The European Energy Efficiency Directive (EED), effective from May 2024 in Germany, now stipulates PUE targets as well as waste heat percentage contributions to be provided to a local district heat network operator (DHNO).
German Energy Efficiency Act (EnEfG) Requirements:
- Monitoring: 15th May 2024 – Report on key metrics (PUE, temperature set points, ERE, water usage, renewable energy). DC > 0.5 MW.
- Monitoring: 1st July 2025 – All data centre operators must ensure their facilities are provided with an energy management system.
- Monitoring: 1st January 2026 – All operators will have to validate / certify their energy management system.

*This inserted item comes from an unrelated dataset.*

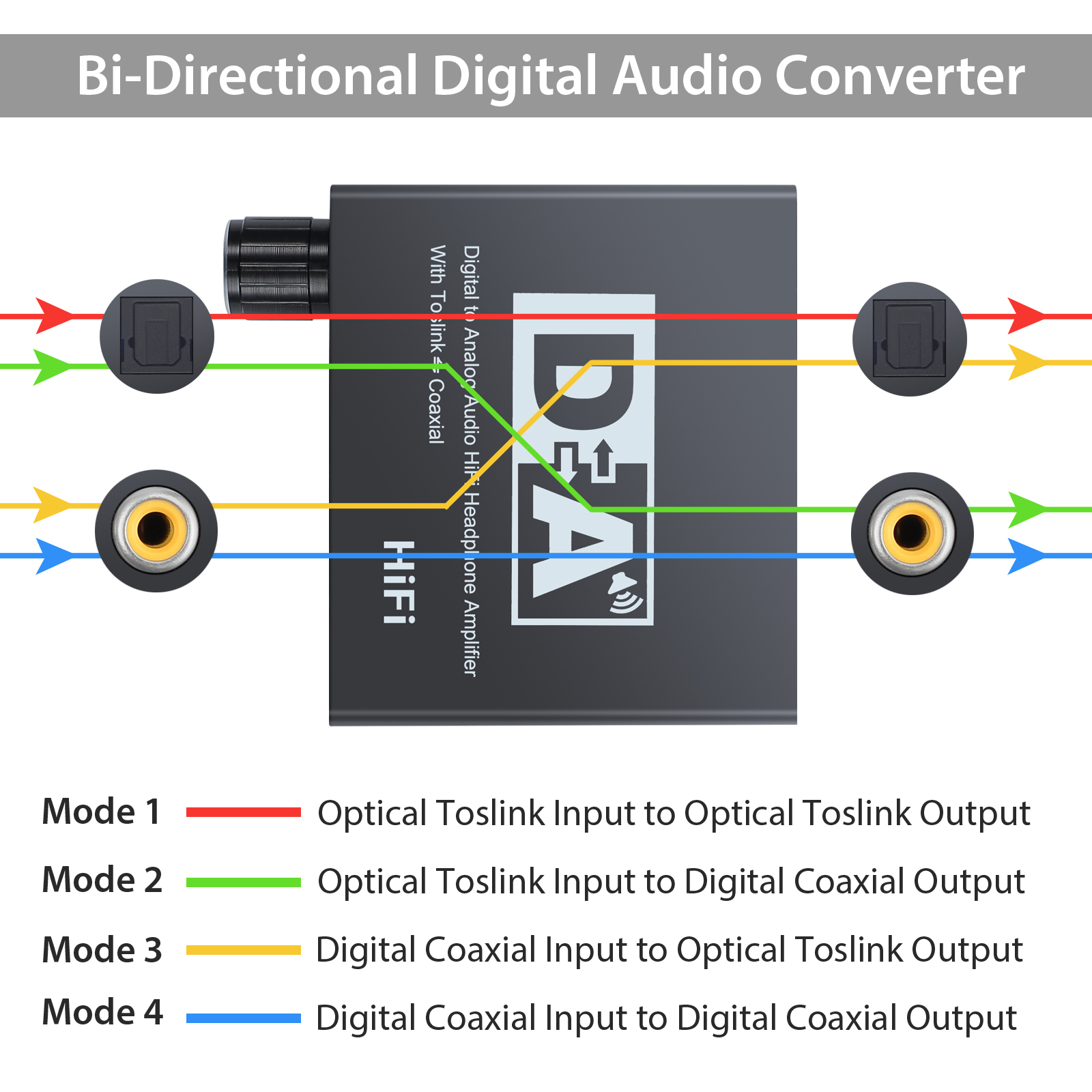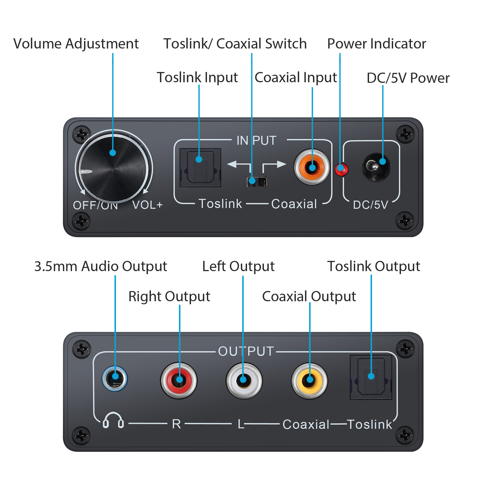 Diese Digital zu Analog Audiokonverter ist für Heim- oder professionelle Audio-Umschaltung konzipiert. Es wandelt Koaxial oder Toslink digital Audio Signale an analogen L/R Audio und kann an externe Geräte wie Verstärker über einen standard-RCA-Typ-Buchse angeschlossen werden. Sie können auch Ausgang 3,5 mm Kopfhöreranschluss, HiFi-Kopfhörer anschließen. HiFi-Verstärker-Chips, Kopfhörer und RCA-Ausgang Anschluss 16-300 Ohm HiFi-Kopfhörer leicht schieben kann. Produkt Support ausschalten, die Volumen-Größenanpassung, mehr Anpassungsfähigkeit an verschiedene Quellen verschiedene Umgebungen.

- PUE: <1st July 2026, PUE < 1.3, > 1st July 2026, PUE < 1.2.
- Heat Export: 1st July 2027 – Data centres must provide 15% Energy Reuse Factor. DC > 1 MW.
- Heat Export: 1st of July 2028 – Data centres must provide 20% Energy Reuse Factor. DC > 1 MW.
An R&D case study has considered the opportunity to utilise the waste heat to aid in meeting these targets. The considered project is a notional 54 MWIT data centre in Germany, deploying high efficiency free-cooling air-cooled chillers. Waste heat is in the form of low-grade heat and does not include for heat pump technology to provide temperature elevation.
EN 50600’s definition of PUE does not consider the use of waste heat in determining a data centre’s PUE. However, in response to the EED’s stipulated PUE compliance and percentage contribution of heat export requirement, this study has continued to assess this opportunity. Any application of heat export to improve PUE and therefore deviation from EN 50600 shall be discussed with the local authority having jurisdiction.
Under the EED, waste heat is required to be provided to a local DHNO, unless no such operator exists or the heat supplied is not required. A local DHNO’s heat demand profile, (typically heating and hot water) has a higher demand during the peak winter months, reducing in the off-peak months to a base load during the summer. Typically, summer months have low heating demand due to external conditions negating heating loads.
Conversely, the PUE profile through the year is seasonal and a function of the free-cooling operation of the air-cooled chiller, the largest contributor to PUE after the IT load.
The above shows the optimum period of the year where chiller compressor power consumption can be omitted through heat rejection to a DHNO, is simultaneously when DHNOs do not require the available waste heat. Until the above profiles have greater convergence, PUE improvements are limited. It should be noted, alternative annual applications such as swimming pools, greenhouses, aquaculture and industrial processes would increase this heat profile baseload.
Using the same notional project case study, B&W have assessed hypothetical percentage increases in the DHNO base load, artificially increasing the opportunity for heat rejection to the DHNO. From a practical, physical and commercial viability perspective, high percentage heat export values are more difficult to achieve in practice and are only considered here to test this PUE improvement hypothesis.
Upon analysing the results, increasing the DHNO baseload from 0% to 100% IT load yields up to 3.3% reduction in annualised PUE, while the impact to peak PUE is more substantial, at 21.2%. When the parasitic PUE component (or PUE overhead) is considered in isolation, increasing the DHNO baseload from 0% to 100% IT load, offers up to 17.9%in the annualised parasitic PUE and an impressive 63.5% in the peak parasitic PUE.
On average, for every 10% baseload waste heat increase, the parasitic annualised PUE improved by ~2%. These results account for the increase in annual pump power consumption to serve the DHNO.
Conclusion
The opportunity to improve PUE through exporting waste heat is possible, subject to local acceptance and deviation from EN 50600.
The PUE improvement is heavily reliant on the DHNO usage profiles. To fully realise this opportunity, DHNOs are required to accept more heat for a larger period of the year, minimising chiller compressor power consumption. Alternative applications for the waste heat could also be considered.
Although PUE improvement is available, the viability of higher percentage values of heat export is required from a physical and commercial perspective.